Sugar free products are very popular at the moment, so it is possible to find nice snacks that you can pop into lunch boxes that are sugar free. There will be a period where your child will probably complain and groan but if that is their only option they will adapt and very often it is the idea of the food product, not the actual product that they are averse to, so if you don’t mention its sugar/fat free they may not even realise.

Tuckshop should not be the norm, it is not something a child should get to do daily. A six-year-old cannot stand in front of a room filled with sweets and decide on the toasted sandwich, they will buy R20 worth of milk bottles or ice lollies.

There are days where life falls apart a bit and the only option is sending them off with some money and hoping for the best, that really is ok. If you do send them with money, make it age appropriate, an 8 year old does not need R100, in fact an 16 year old doesn’t need to be sent off with R100 to the tuck shop. The idea is that it is a treat day where they can buy something small as a treat.

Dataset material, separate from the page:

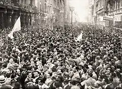 Supporters of the Democratic Union gather on May Avenue in Buenos Aires. This 1945 alliance of conservatives and leftists was tenuously united only by its opposition to Perón.

I know how challenging this is. I have packed many lunch boxes that have been returned, uneaten. I have had many fights over why the chips are suddenly being replaced with nuts or why they can’t take R50 to school. Watching my son struggle when he was overweight was harder, much harder.


Do you have favourites that you use to replace sugar in your child’s lunch box?

If you have any questions or concerns about your little one’s at school or there is something you would like Laura to share or write about, send us a mail to with the subject Schooled with Laura.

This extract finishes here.